[pygtk] destructors not getting called
Wildemar Wildenburger
wildemar at freakmail.de
Sat Aug 5 18:24:35 WST 2006
N. French wrote:
> 1. The App class does not have __del__ called unless I explicitly call
> it in my window destroy callback.
>
> 2. The container classes don't have __del__ called unless I explicitly
> call it (from my App's destructor).
>
> I tested the container classes separately and the destructors get
> called just like you'd expect, which is why I'm thinking this has
> something to do with GTK. Below is my startup code.

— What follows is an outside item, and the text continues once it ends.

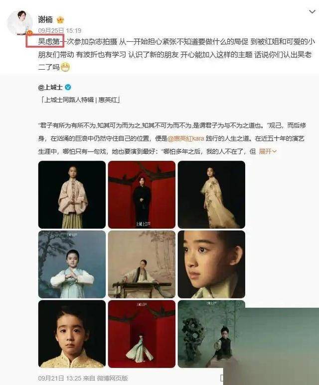 9月25日,吴京的妻子谢楠在社交平台上晒出了二儿子吴虑的杂志拍摄。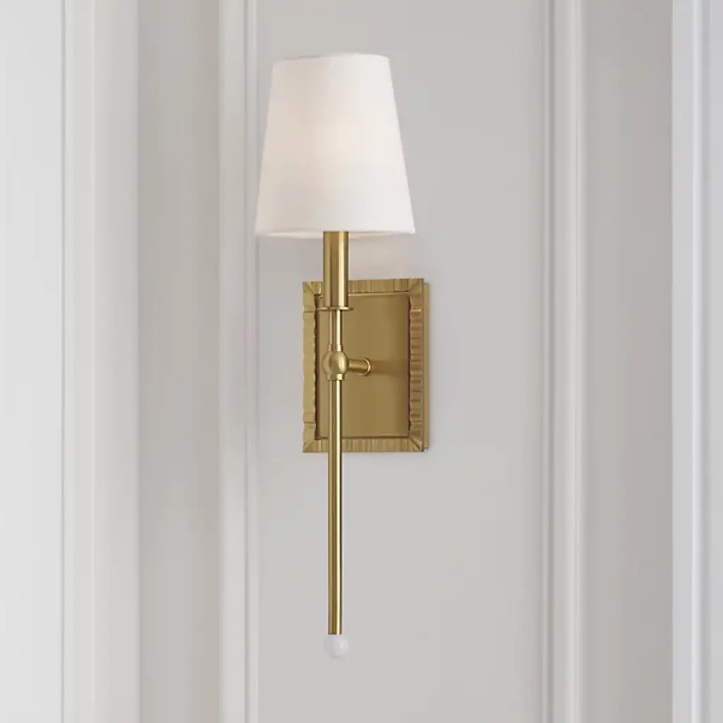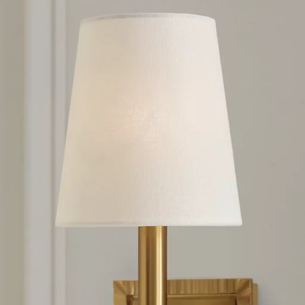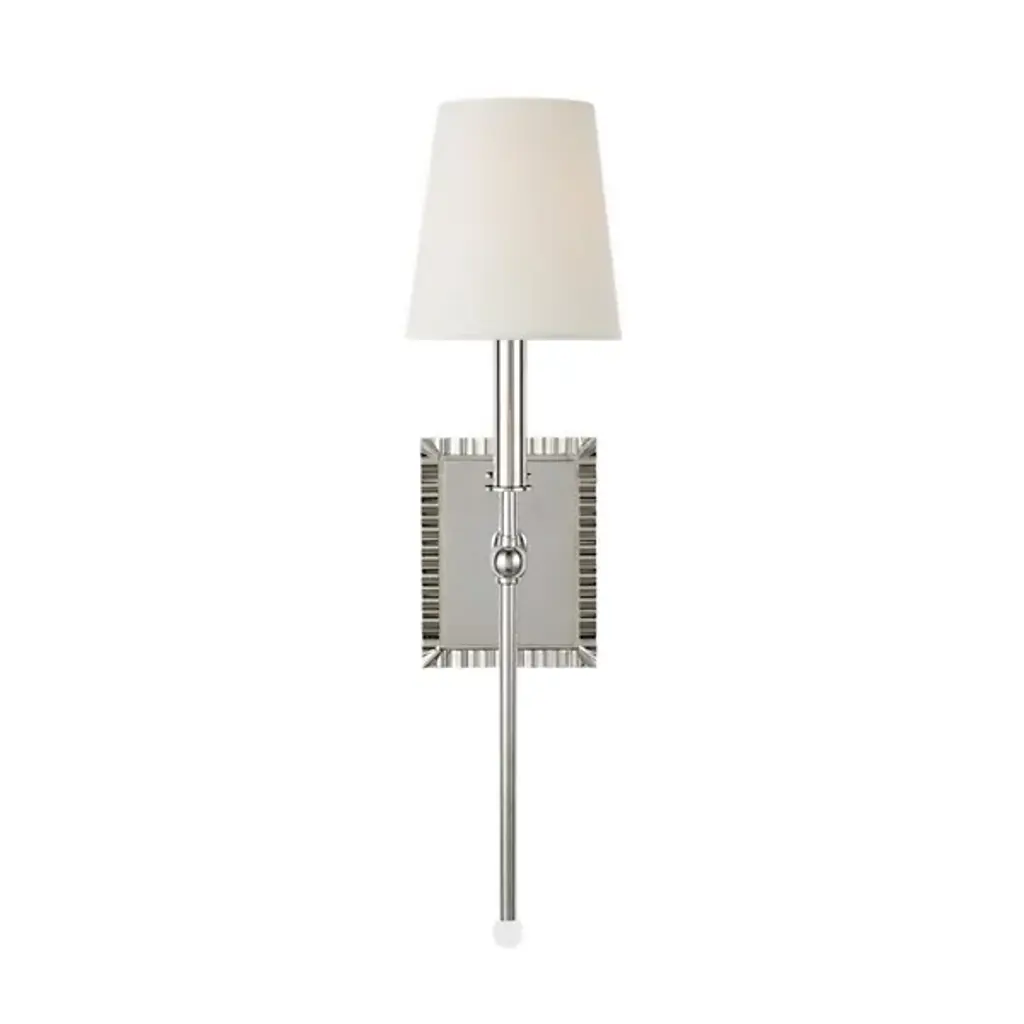 Classy silhouette with a crafted look. Flank your entryways and art pieces with the stylish design of the Baxley Wall Sconce from Visual Comfort Studio, formerly known as AH by Alexa Hampton, Like a lovely ribbon draped around the edges of a picture frame, textured metal lines a rectangular backplate with a stylish unfurled appearance. The slender figure of a tailed lamp holder appears in front, accented at the end with a charming glass sphere. A fabric lampshade completes the traditional-inspired design, taking in light from inside and translating it into an ambient glow.

I found this in the reference recently, maybe its related:
*quote from the description of gtk.Object*
The "destroy" signal, emitted by the destroy() method asks all code
owning a GTK reference to the object to release its GTK reference. So,
for example, if you call window.destroy() where window is a gtk.Window,
GTK will release the GTK reference count that it owns; if you call
button.destroy() where button is a gtk.Button, button will be removed
from its parent container and the parent container will release its GTK
reference to button. Because these GTK references are released, calling
destroy() should result in freeing all memory associated with an object
(finalizing it) if the GTK reference count reaches zero. However, in
PyGTK the GTK objects are wrapped in a Python object that has its own
reference counting mechanism. The destroy() method does not affect the
Python reference counts. The GTK object associated with a Python object
will not be released until the Python object reference count reaches
zero. Therefore, calling the destroy() method will not result in the
finalization of the GTK object until the Python object is finalized. In
the case mentioned above if a gtk.Button is destroyed using the
destroy() method, it will be removed from its container and unmapped and
unrealized but it will not be finalized because the Python wrapper
object will still exist and hold a reference.